Ей показывали документы, копии с печатями, трясли паспортами, объясняли что-то на
плохом русском, куда-то звонили, протягивали телефонную трубку, кто-то назначал
встречу, но зачем, – Марина плохо соображала. Она водила потерянным взглядом по
прихожей, видела знакомые двери, обои, которые так долго выбирала бабушка, инкрустированный паркет, чужое зеркало... Да, мебель можно поменять, и адрес – можно, даже поссориться на время с друзьями, даже с Соней, – можно, но как вырвать из жизни
прошлое? из сердца – детство? плохое, хорошее – неважно. Как ОБЕЗ – («смерть/-
смертить», а «жизнь»?) – ЖИЗНИТЬ себя? Какими бы сложными ни были ее отношения с
матушкой, Марина в своей верности все надеялась... ждала... – ведь любовь одолевает все.

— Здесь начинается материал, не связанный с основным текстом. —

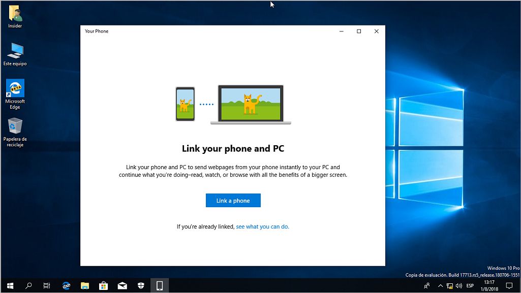NUEVA aplicación "Your Phone" de Windows10 que te permitirá usar tu teléfono desde la comodidad de la pantalla grande y el teclado de tu PC. Estará en la próxima actualización de Windows. La foto es de una PC virtual con Windows Insider Redstone 5.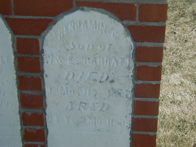 Benjamin C. Garratt was born on 31 May 1853 at Brighton Twp., Northumberland Co., Canada West; Date May 31 1853 per Burial. Date 1853 & location Ont. per 1871 Census.1,2 He appeared on the census of April 1871 at Brighton Twp., Northumberland Co., Ontario; Age 18 at 1871 Census: see William Garratt.1 He died on 11 September 1877 at Brighton Twp., Northumberland Co., Ontario, at age 24; Date Sep 11 1877 per Burial.2 He was buried on 13 September 1877 at Wooler Friends Cemetery, Brighton Twp., Northumberland Co., Ontario; Memorial: (See Exhibit) Benjamin C; Son of; W & E. Garratt; Died; 9 Mo. 11 D's 18??; Aged; 24 Ys 3 Mo 11 D's (Wooler Friends Cemetery, Brighton Twp., Apr 2 2006)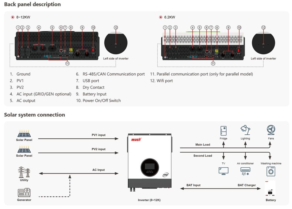 Гибридный инвертор MUST PH19 10048 EXP 2 выхода AC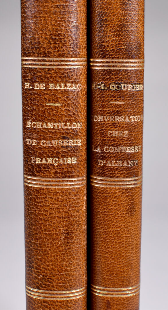 BALZAC (H. de). ÉCHANTILLON DE CAUSERIE FRANÇAISE – COURIER (P.-L.). CONVERSATION CHEZ LA COMTESSE D’ALBANY. P., Plon, 1928. Deux volumes in-8 ½ maroquin vert bronze à grain long, dos lisse cloisonné, tête dorée, couverture conservée (Reliure de l’époque). Dos uniformément passés en teinte havane. ÉDITION de la collection Conversations. Un des 950 Arches. Exemplaires bien reliés. ENSEMBLE DE 2 OUVRAGES.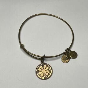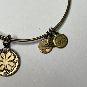 Alex & Ani bangle bracelet burnished gold tone signed costume jewelry LUCKY CLOVER theme costume signed jewelry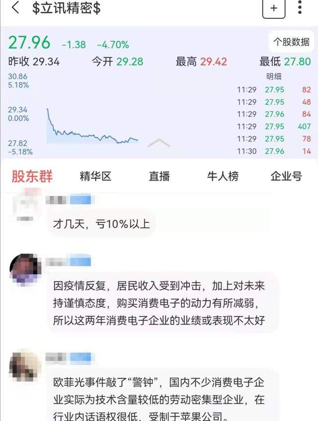 有投资者对此表示,“欧菲光事件敲了‘警钟’,国内不少消费电子企业实际为技术含量较低的劳动密集型企业,在行业内话语权很低,受制于苹果公司”。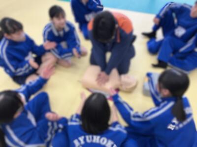 2月10日(火)、5・6校時に2年生の保健の授業で、救急救命講習を行いました。講師の消防士の方々の説明を聞き、人形を使って心肺蘇生法の技能を中心に学びました。いざという時には、救急車が現場に駆けつけるまでには時間を要します。その間、傷病者の悪化を防ぐためにとても大切です。2年生は、その目的を理解し真剣に取り組んでいました。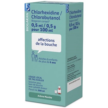 CHLORHEXIDINE/CHLOROBUTANOL BIOGARAN CONSEIL 0,5 ml/0,5 g pour 100 ml, solution pour bain de bouche en flacon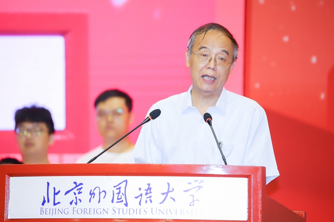 楊丹作了題為“做又紅又專又雅的北外人”的講話,對2023級新生表示熱烈歡迎和祝賀。他回顧了北外80余年的辦學(xué)歷史和發(fā)展成就,并對新一代“北外人”提出三點(diǎn)期望: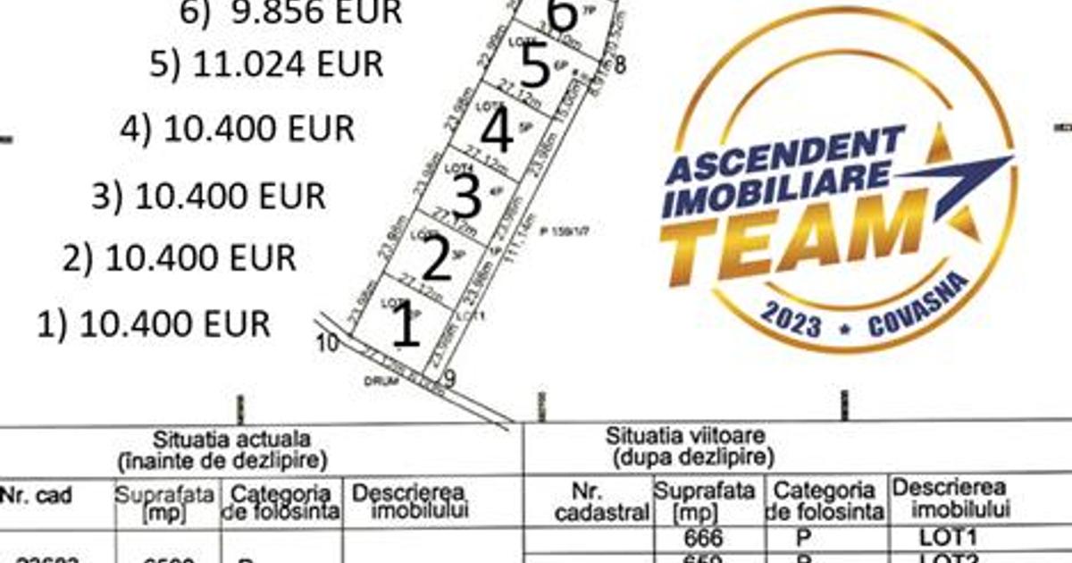 Comision cumparator: 0%. ASCENDENT IMOBILIARE COVASNA Va propunem spre vanzare 8 loturi de teren extravilan, ideale pentru constructia unei case de vacanta, in zona Municipiului Sfantu Gheorghe. Pentru confortul dumneavoastra, va invitam sa faceti o prima vizionare, din locatia unde va aflati, chiar acum, prin accesarea filmului de prezentare pe care vi l-am pregatit cu drag: Film Prezentare: https: www.youtube.com watch?v=1SWaXhcuMDM Imobilul are acces facil, la numai 5 minute de centrul orasului, in mijlocul naturii. Proprietatea are un front stradal de 24 m si este destinata pentru case de vacanta, recreere. Recomandam oferta celor ce isi doresc sa petreaca timpul liber intr-un cadru natural deosebit, cat si ca investitie cu un randament foarte bun. Pretul expus este raportat la o singura parcela. Pentru mai multe detalii nu exitati sa ne contactati chiar ACUM. Consilierul dedicat alesei oferte: Bicsak Laszlo, T elefon Whatsapp – 0752883104 Detalii, fotografii...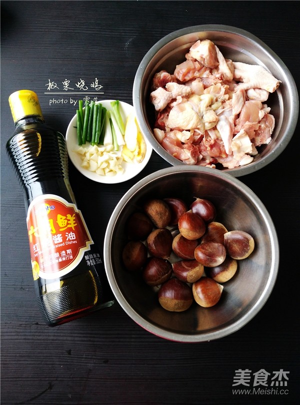 1.備好食材:雞肉,板栗,姜片,蔥段,蒜粒,六月鮮紅燒醬油;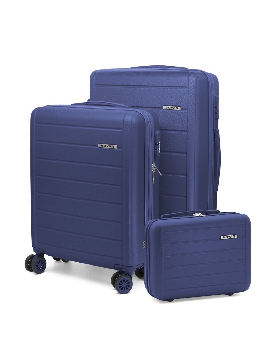 Voyan SDR Azul – Maleta de cabina + Maleta mediana + Neceser, rígidas y con cerradura de seguridad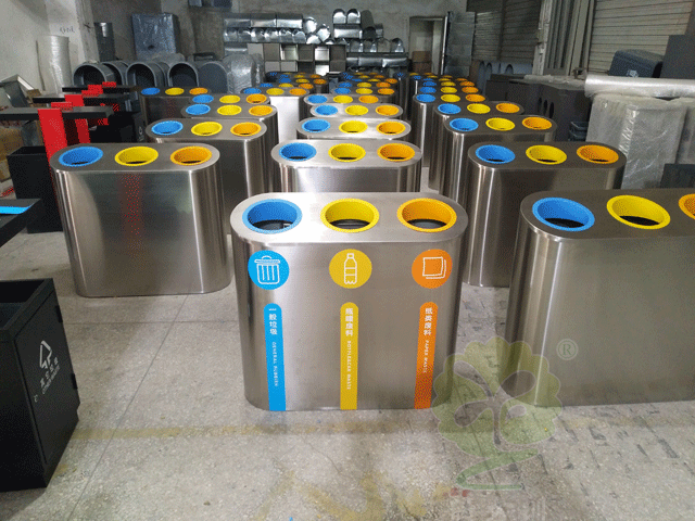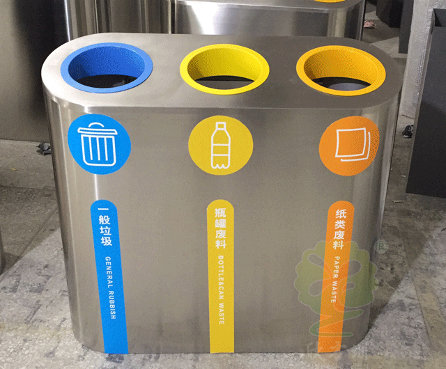 這款垃圾桶采用三分類形式,分別收集一般垃圾,瓶罐廢料,紙類廢料,瓶罐和紙類是具有重大回收價值的可回收垃圾,對它們進行分類回收,可以節約資源,保護環境,有利于國家綠色環保事業的推進。據了解,一頓塑料瓶可以可以回收0.75噸原料,一頓廢紙回收可以生產成品紙0.8噸,相當于少砍伐20棵樹齡為30年的樹木。每個人都有義務做好垃圾分類,為自己的綠色家園做出點點滴滴的貢獻。

А нелюбовь? Не вражда, нет, – а именно нелюбовь? Она равнодушна, и ей, нелюбви, дела
нет до тебя и твоей жизни. Явишься к ней на порог, – посмотрит мутным взглядом, и
дверь перед носом захлопнет, – иди куда хочешь.

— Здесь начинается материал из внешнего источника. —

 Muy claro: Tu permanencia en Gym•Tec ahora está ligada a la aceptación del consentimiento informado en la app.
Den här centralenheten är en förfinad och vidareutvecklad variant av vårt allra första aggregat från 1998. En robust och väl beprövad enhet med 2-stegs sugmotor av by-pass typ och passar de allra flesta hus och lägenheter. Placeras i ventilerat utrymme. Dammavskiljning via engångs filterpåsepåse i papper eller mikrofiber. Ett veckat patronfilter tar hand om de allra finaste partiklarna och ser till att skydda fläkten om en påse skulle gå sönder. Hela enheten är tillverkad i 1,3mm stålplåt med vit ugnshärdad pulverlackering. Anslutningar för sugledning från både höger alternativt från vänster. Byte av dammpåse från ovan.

Марина отправилась в следующий подъезд, к Соне. Соня ужаснулась, увидев подругу: взъерошенная, дрожит, взгляд безумный, стоит, молчит, будто язык проглотила; завела
подругу на кухню, маму позвала. Та только руками всплеснула: «Деточка, что?! Что
случилось? Дома-то была?» Услышав слово «дом», Марина вздрогнула всем телом и
разревелась, а Соня с мамой, с трудом сквозь всхлипывания различая слова, выслушали
странную историю, напоили Марину какими-то каплями, уложили на Сонечкин диван и
разделились. Соня осталась при подруге, а ее мама, возмущенная и рассерженная, наспех
одевшись и ничего не объясняя девочкам, ушла.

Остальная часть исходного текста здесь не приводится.